After reviewing and commenting on the draft Advisory, PwC has reviewed the final Advisory in the context of changes from the draft version. The notes which follow reflect on these changes and some of the impacts on noninsurance FREs as a result of this Advisory. These should be considered in IFRS conversion implementation plans.

Key principles or philosophies articulated by OSFI that governed their approach to determining the final Advisory

  • OSFI, under their jurisdiction, has the ability to make specifications for additional disclosures or to specify an IFRS option that is preferred, or make an IFRS option not available. They will not modify Generally Accepted Accounting Principles (GAAP) or interpret GAAP in such a way that it puts FREs offside from getting a "clean opinion" from their auditors as to the application of IFRS as globally interpreted and applied.
  • With the above ability in mind, it is still recognized that such specifications should be kept to a minimum where required, in OSFI's view, for prudential regulatory monitoring.
  • OSFI understands the importance of not creating operational inefficiencies or risk by creating differences between IFRS reporting and regulatory reporting.
  • As a user of financial information where their focus is on regulatory monitoring and supervision, it is preferred to have comparability amongst FREs in the same sector.
  • As accounting standards may derive differing balance sheet treatments for FREs, OSFI may determine that capital metrics could be adjusted in certain circumstances.

Early adoption of standards

OSFI had previously communicated that no early adoption of new IFRS standards would be allowed.
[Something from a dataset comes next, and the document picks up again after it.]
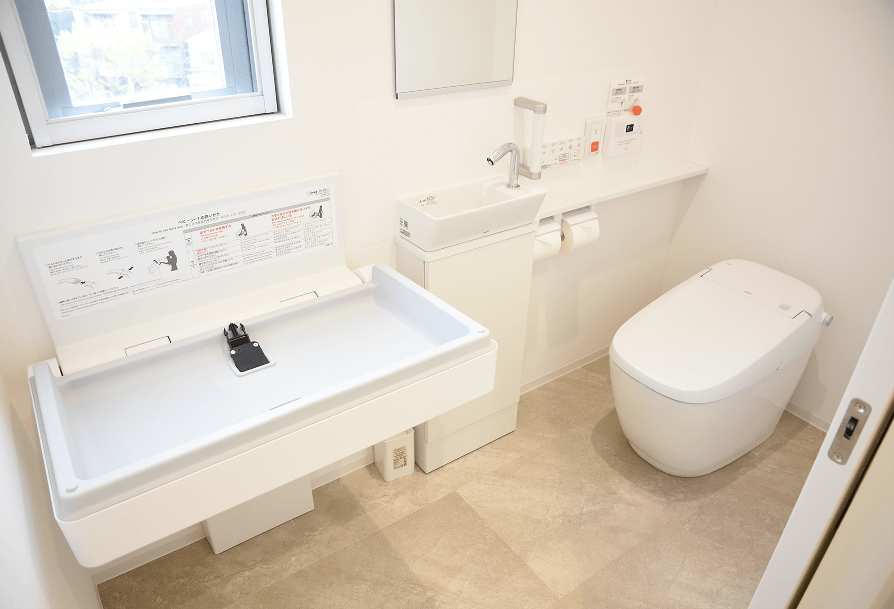 おむつ交換台を設置した多目的トイレですので、どなたにも気軽にご利用いただけます。
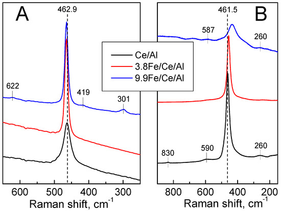 The absence of the band at ~377 cm−1 related to α-Al2O3 phases [27] in the Raman spectra giving information on near subsurface layers of all Ce/Al-based samples (Figure 3B) agrees with XRD and DDPA data. F2g mode of CeO2 at 461.5 cm−1 in the spectrum of support is supplemented by the bands at ~590, ~260 and ~830 cm−1 ascribed to the vacancy-interstitial (Frenkel-type) oxygen defects, surface mode, and peroxide (O22−) stretching vibration at the defective ceria surfaces, respectively [28,29,30]. These bands disappear in the spectrum of the 3.8 Fe/Ce/Al sample because the doping element can annihilate oxygen defects by dopant interstitial compensation mechanism [31]. The low-frequency shift of the CeO2 band and its broadening (Table 3) typical for smaller particles was detected in the spectra of Fe/Ce/Al samples which contradicts the slight increase in averaged sizes of crystalline CeO2 particles (Table 1). Therefore, the formation of highly dispersed particles of Fe-Ce mixed oxide in the surface layers of the 3.8 Fe/Ce/Al samples was detected by DDPA (Table 2) with inhomogeneous strains due to Ce3+ ions therein [15,28] can be responsible for such changes. Asymmetrical broadening with a low-energy shoulder of CeO2 band, especially prominent in the 9.9 Fe/Ce/Al sample, can result from a higher concentration of such compounds or higher content of α-Fe2O3 therein. In line with this, bands at ~260 and ~590 cm−1 appear again.

Based on feedback received on the draft Advisory, the position has been slightly modified so that OSFI will consider allowing early adoption by FREs on a standard-by-standard basis once a particular IFRS is issued in final form. Therefore, as standards are issued over the course of the next two years, OSFI will look at each one individually and assess whether early adoption will be allowed. Currently, there should be no early adoption of standards which are issued but not yet in effect. This includes IFRS 9 which considers the classification and measurement of financial assets.

Therefore, entities should consider that IFRS conversion project plans will not cease once the transition is complete as the first two years after conversion are likely to see significant changes in accounting standards. The most significant area of change for lending institutions is likely to be the proposed change from an incurred loss model to an expected loss model, the changes to consolidation, derecognition and hedging, all part of a refresh of IAS 39: Financial Instruments, Recognition and Measurement.
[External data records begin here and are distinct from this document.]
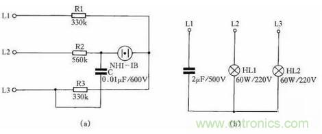 第二種方法是:用一只2μF、耐壓為500V的電容和兩只相同功率(220V/60W)的白熾燈泡,便可做成一個交流電源相序指示器,見圖25(b)。
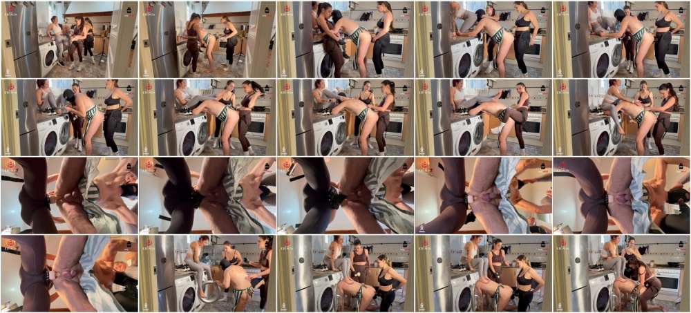 MissErinia - Three way gang bang of Mistresses on the slave in the kitchen
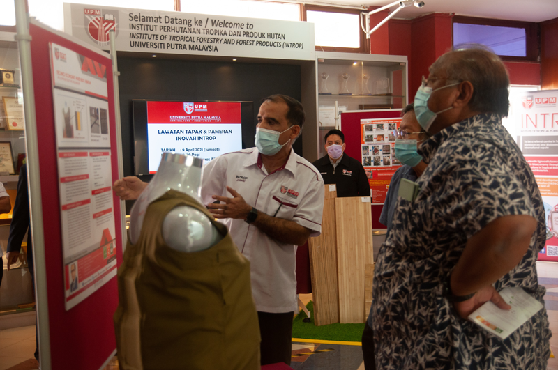 SERDANG – The Institute of Tropical Forestry and Forest Products (INTROP), UPM, has recently held the INTROP Innovation Open Day 2021 in conjunction with the INTROP site visit event by the Chairman of the University Board of Directors, YAM Tengku Syarif Laksamana Perlis Dato' Seri DiRaja Syed Razlan Syed Putra Jamalullail, and the university’s top management.

OSFI maintains a number of disclosure Guidelines which are being revised to align with IFRS requirements. OSFI issued revised guidelines for comment in May. The revised Guideline D1 does not require any additional disclosures. However, it has been streamlined to remove duplication of the requirements already included in IFRS and it includes some specific requirements around disclosures of the loan loss allowance.


The overall principles from the draft Advisory have not changed; the accounting treatment of these transactions will drive the components of the ACM. So many FREs will see higher assets after transition to IFRS. However, there is also an indication that OSFI will start to consider an FRE's actual exposure in securitization transactions, irrespective of accounting treatment. This could mean that in the future, certain assets which currently qualify for derecognition may need to be included in the ACM. The Advisory does not indicate which types of transactions could fall into this category.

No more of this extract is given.